Supplied data section start

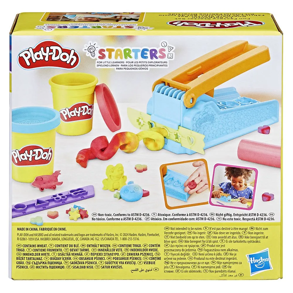 Dette settet er spesielt designet for å være brukervennlig og tilgjengelig, noe som gjør det ideelt for små barn som nettopp har begynt å utforske verden av kreativ lek. Midtpunktet i settet er det ikoniske Fun Factory-verktøyet, en enkel, men genial enhet som lar barn presse ut PLAY-DOH i en rekke morsomme og interessante former. Bare legg PLAY-DOH i Fun Factory, velg en formingsskinne, og trykk ned spaken for å se PLAY-DOH komme ut i et herlig utvalg av former.
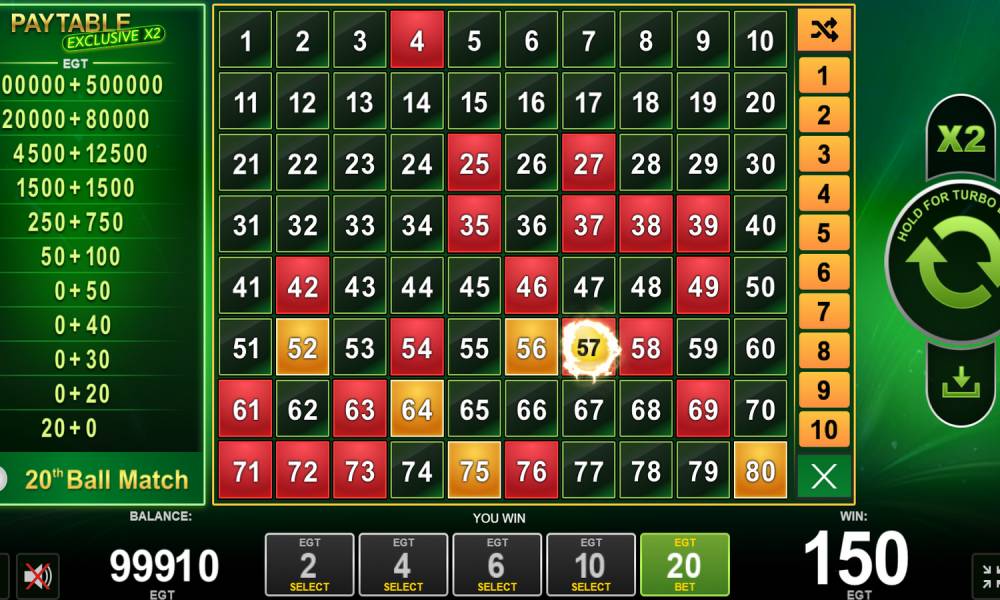 The game board is 10x8 and the cells contain numbers from 1 to 80. The player must select from 1 to 10 of any position. You can do it yourself or in the column on the right to specify the number and click on the double arrow to the machine itself marked the cells. After the bet, the user starts the spin and 20 balls fall out. If some of them coincided with the numbers that marked the player, he receives a prize. The amount of winnings is calculated on the table and depends on the bet and the number of marks made on the field. Users can play in two modes. In the first case, the betting range is 1-10 coins, in the second case - 2-20. The difference between the rounds will be that if the last dropped ball coincides with the choice of the player, then he will receive a prize according to the alternative scheme (the number after the "+" symbol in the table). And in the second case, these amounts are much larger.
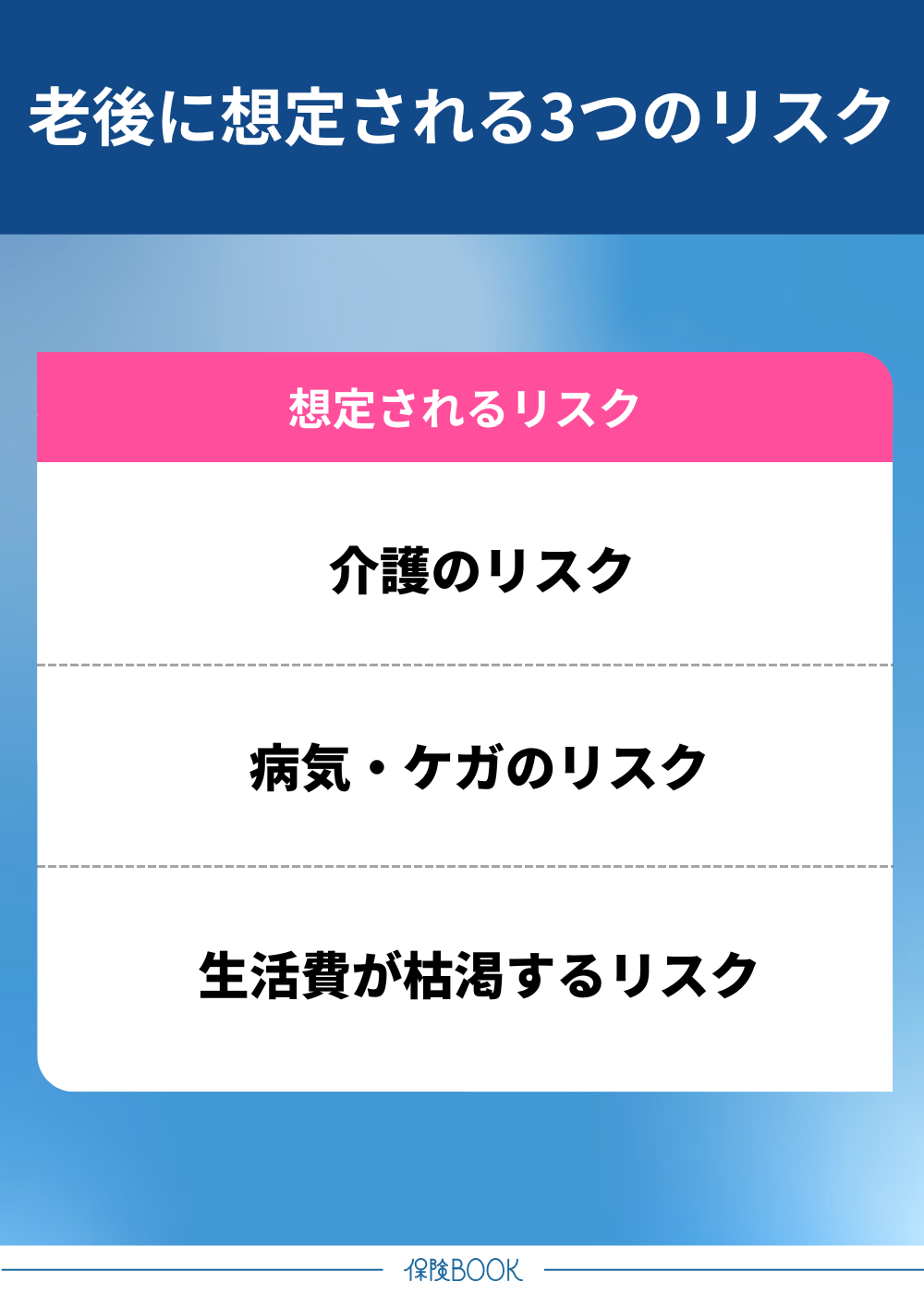 - 老後は「介護」「病気・ケガ」「生活費枯渇」の3大リスクに備える必要がある

Supplied data section end

[Work task]:
Once the pictures are set aside, restate the remaining data above exactly.

[Exercise result]:
 Dette settet er spesielt designet for å være brukervennlig og tilgjengelig, noe som gjør det ideelt for små barn som nettopp har begynt å utforske verden av kreativ lek. Midtpunktet i settet er det ikoniske Fun Factory-verktøyet, en enkel, men genial enhet som lar barn presse ut PLAY-DOH i en rekke morsomme og interessante former. Bare legg PLAY-DOH i Fun Factory, velg en formingsskinne, og trykk ned spaken for å se PLAY-DOH komme ut i et herlig utvalg av former.
 The game board is 10x8 and the cells contain numbers from 1 to 80. The player must select from 1 to 10 of any position. You can do it yourself or in the column on the right to specify the number and click on the double arrow to the machine itself marked the cells. After the bet, the user starts the spin and 20 balls fall out. If some of them coincided with the numbers that marked the player, he receives a prize. The amount of winnings is calculated on the table and depends on the bet and the number of marks made on the field. Users can play in two modes. In the first case, the betting range is 1-10 coins, in the second case - 2-20. The difference between the rounds will be that if the last dropped ball coincides with the choice of the player, then he will receive a prize according to the alternative scheme (the number after the "+" symbol in the table). And in the second case, these amounts are much larger.
 - 老後は「介護」「病気・ケガ」「生活費枯渇」の3大リスクに備える必要がある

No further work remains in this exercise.